Excerpts from a dataset:
*** Block opens ***
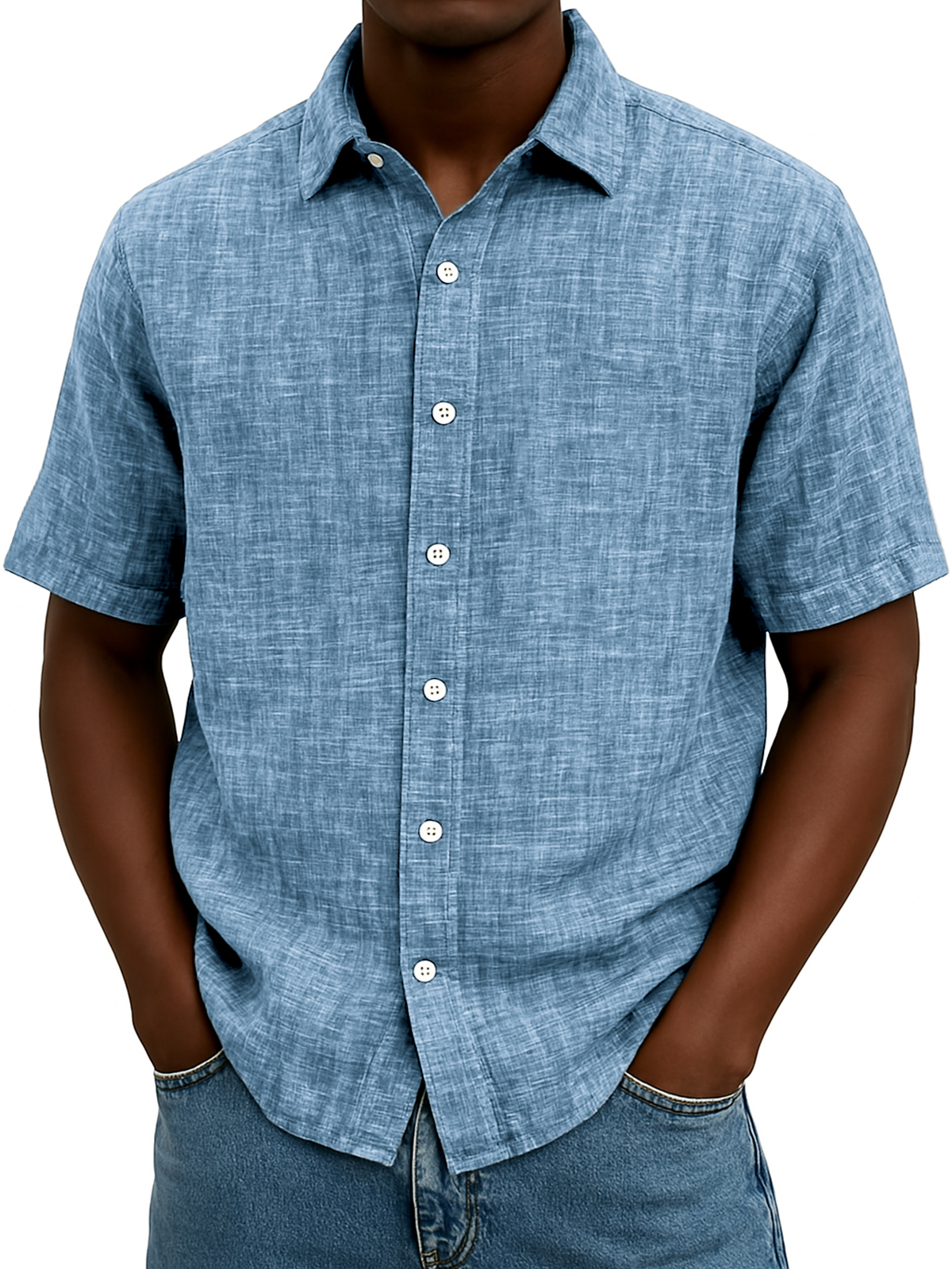 Men's Cotton Hawaiian Summer Comfortable Solid Color Short Sleeve Shirt
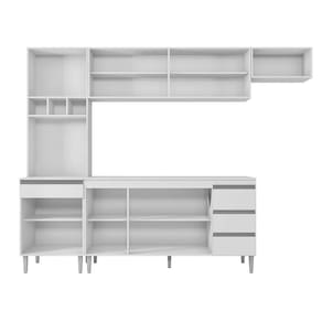 A Cozinha Modulada 5 Peças é a escolha ideal para quem busca conferir modernidade e sofisticação ao ambiente. Sua estrutura é composta por MDP, apresentando um acabamento com pintura UV. Este conjunto conta com 12 portas articuladas equipadas com dobradiças metálicas, incluindo uma basculante com pistão a gás. Dispõe de espaço para micro-ondas ou outros aparelhos domésticos, 3 nichos garrafeiros, 4 gavetas com corrediças telescópicas de deslize suave, balcão com tampo resistente em MDP, prateleiras internas para a organização de utensílios, puxadores em alumínio e acompanham pés em PVC com regulagem.
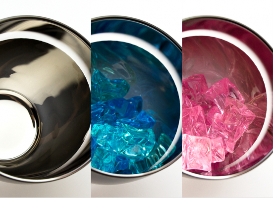 注がれるお酒の色によりグラス内面の彩りが変化します。
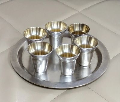 Набор коньячный Березка, мельхиор, позолота СССР . 6 рюмок + поднос.
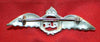 RCAF, Royal Canadian Air Force, Sweetheart Pin, Pilots. Kings Crown, wings with letters RCAF attached to centre wreath. Made of a soft metal, with a silver coating, black in deep part of feathers. Pin back fastener. 2 5/8" wide.
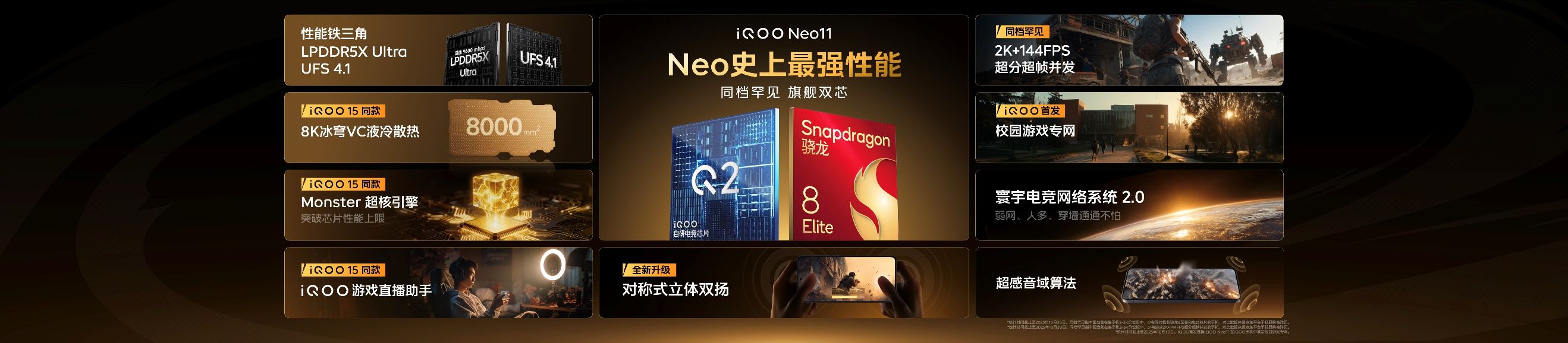 iQOO Neo11 搭载由骁龙 8 至尊版与自研电竞芯片 Q2 组成的“旗舰电竞双芯”,并在 Monster 超核引擎支撑下,带来优秀的 1% Low 帧表现、全新升级的 PC 级 2K 纹理超分、原生级 144FPS 无损超帧以及超分超帧并发,实现行业领先的游戏视效;更以 8K 冰穹 VC 液冷散热、7500mAh 超薄蓝海电池、AR 增透膜等多项 iQOO 15 同款配置、高质感金属玻璃机身和 IP68 & IP69 防尘防水等,共筑一款更优秀的强悍标准版。
*** Block closes ***
Exercise brief: Exclude all images, then retype the records above without alteration.

Exercise solution:
 Men's Cotton Hawaiian Summer Comfortable Solid Color Short Sleeve Shirt
 A Cozinha Modulada 5 Peças é a escolha ideal para quem busca conferir modernidade e sofisticação ao ambiente. Sua estrutura é composta por MDP, apresentando um acabamento com pintura UV. Este conjunto conta com 12 portas articuladas equipadas com dobradiças metálicas, incluindo uma basculante com pistão a gás. Dispõe de espaço para micro-ondas ou outros aparelhos domésticos, 3 nichos garrafeiros, 4 gavetas com corrediças telescópicas de deslize suave, balcão com tampo resistente em MDP, prateleiras internas para a organização de utensílios, puxadores em alumínio e acompanham pés em PVC com regulagem.
 注がれるお酒の色によりグラス内面の彩りが変化します。
 Набор коньячный Березка, мельхиор, позолота СССР . 6 рюмок + поднос.
 RCAF, Royal Canadian Air Force, Sweetheart Pin, Pilots. Kings Crown, wings with letters RCAF attached to centre wreath. Made of a soft metal, with a silver coating, black in deep part of feathers. Pin back fastener. 2 5/8" wide.
 iQOO Neo11 搭载由骁龙 8 至尊版与自研电竞芯片 Q2 组成的“旗舰电竞双芯”,并在 Monster 超核引擎支撑下,带来优秀的 1% Low 帧表现、全新升级的 PC 级 2K 纹理超分、原生级 144FPS 无损超帧以及超分超帧并发,实现行业领先的游戏视效;更以 8K 冰穹 VC 液冷散热、7500mAh 超薄蓝海电池、AR 增透膜等多项 iQOO 15 同款配置、高质感金属玻璃机身和 IP68 & IP69 防尘防水等,共筑一款更优秀的强悍标准版。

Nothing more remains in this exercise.